Last week, we explored this concept in the regime of "brute forcing" the posterior distribution for a simple exercise (e.g., calculating posterior probability an individual is sick, given a positive test) as well as a result in Exponential Families that leveraged conjugacy (e.g., posterior probability for a coin to land on "heads").

*What happens if our model does not have a simple or conjugate form?*

Rather than performing inference under an intractible exact posterior $\Pr(\theta | \data)$, we seek to perform inference using a surrogate distribution $Q(\theta | data)$ that is simpler. But how to identify or even quantify how good a proposed surrogate distribution $Q$ is?

Recall, [KL-Divergence](https://en.wikipedia.org/wiki/Kullback%E2%80%93Leibler_divergence) captures a notion of "[statistical distance](https://en.wikipedia.org/wiki/Statistical_distance)" between parameterized distribution functions, whose definition for discrete variables is,
$$
\begin{align*}
D_{KL}(p || q) &= \sum_{x \in \mathcal{X}} p(x) \log \frac{p(x)}{q(x)} = - \sum_{x \in \mathcal{X}} p(x) \log \frac{q(x)}{p(x)} \\
  &= -\mathbb{E}_{x \sim p}\left[\log \frac{q(x)}{p(x)} \right].
\end{align*}$$

For continuous $x \in \mathbb{R}$, we have,
$$\begin{align*}
D_{KL}(p || q) &= \int_{-\infty}^\infty p(x) \log \frac{p(x)}{q(x)}dx = -\int_{-\infty}^\infty p(x) \log \frac{q(x)}{p(x)}dx \\
  &= -\mathbb{E}_{x \sim p}\left[\log \frac{q(x)}{p(x)} \right].
\end{align*}$$

We can leverage this concept to measure how good a proposal surrogate $Q$ is compared to the true posterior by,
$$D_{KL}(Q(\theta | \data) || \Pr(\theta | \data))$$
however, we often don't know the functional form of $\Pr(\theta | \data)$ let alone compute it in intracable settings! Where are we left?

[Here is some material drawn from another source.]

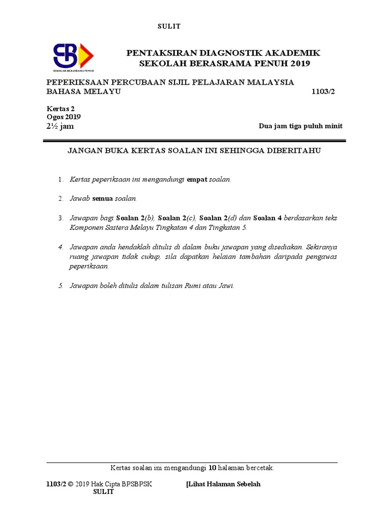 Soalan Percubaan Spm 19 Bahasa Melayu
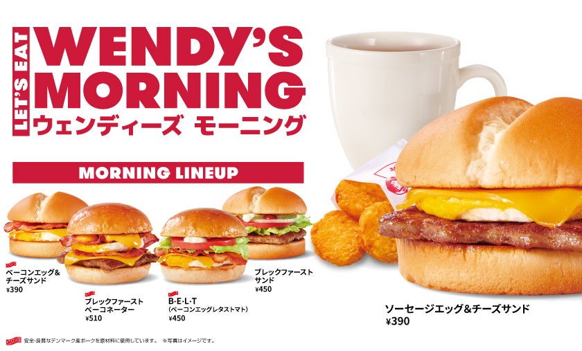 ウェンディーズ・ジャパン株式会社(代表取締役:紫関修 所在地:東京都新宿区)では、 1月26日(木)より、ウェンディーズ・ファーストキッチン店舗(一部店舗を除く)で、モーニングメニューをリニューアルします。今年はコロナ禍で4度目の春を迎えますが、出勤や通学の機会が徐々に増える中で、春を前にラインナップを充実させます。新商品 B・E・L・T 「ベルト」 は、 カリカリに焼き上げたベーコンとエッグ、フレッシュなレタスとトマト、濃厚なチェダーチーズを組み合わせ、具だくさんで食べやすいホットサンドイッチに仕上げました。 また、モーニング限定で+190円(税込)でハッシュポテトとドリンク、+110円(税込)で ドリンクが付くお得なセットをご用意しています。ぜひ、ウェンディーズ・ファーストキッチンのお得なモーニングサービスをご利用ください!

$$\newcommand{\ELBO}{\text{ELBO}}\begin{align*}
D_{KL}(Q(\theta | \data) || \Pr(\theta | \data)) &= \E_Q\left[ \log \frac{Q(\theta | \data)}{\Pr(\theta | \data) }\right] \\
  &= \E_Q\left[ \log \frac{Q(\theta | \data)\Pr(\data)}{\Pr(\data | \theta) \Pr(\theta)}\right] \\
  &= \E_Q\left[ \log \frac{Q(\theta | \data)}{\Pr(\data | \theta) \Pr(\theta)}\right] + \E_Q[\log \Pr(\data) ]\\
  &= \E_Q\left[ \log \frac{Q(\theta | \data)}{\Pr(\data | \theta) \Pr(\theta)}\right] + \log \Pr(\data) \\
  &= \underbrace{\E_Q[ \log Q(\theta | \data)] - \E_Q[\log \Pr(\data | \theta)] - \E_Q[\log \Pr(\theta)]}_{-\ELBO} + \log \Pr(\data) \geq 0 ⇒\\
-\ELBO \geq - \log \Pr(\data) \iff \ELBO \leq \log \Pr(\data).
\end{align*}$$

The implications of the above derivation suggest that we can maximize $\ELBO$ to minimize the KL-divergence between $Q$ and $\Pr(\theta | \data)$ up to a constant.

Given this, a helpful representation of the $\ELBO$ is to re-write it as,
$$\begin{align*}
\ELBO &:= -\E_Q[ \log Q(\theta | \data)] + \E_Q[\log \Pr(\data | \theta)] + \E_Q[\log \Pr(\theta)] \\
  &= \E_Q[\log \Pr(\data | \theta)] - \E_Q\left[ \log \frac{Q(\theta | \data)}{\Pr(\theta)}\right]\\
  &= \E_Q[\log \Pr(\data | \theta)] + D_{KL}(Q(\theta | \data) || \Pr(\theta))\\
\end{align*}$$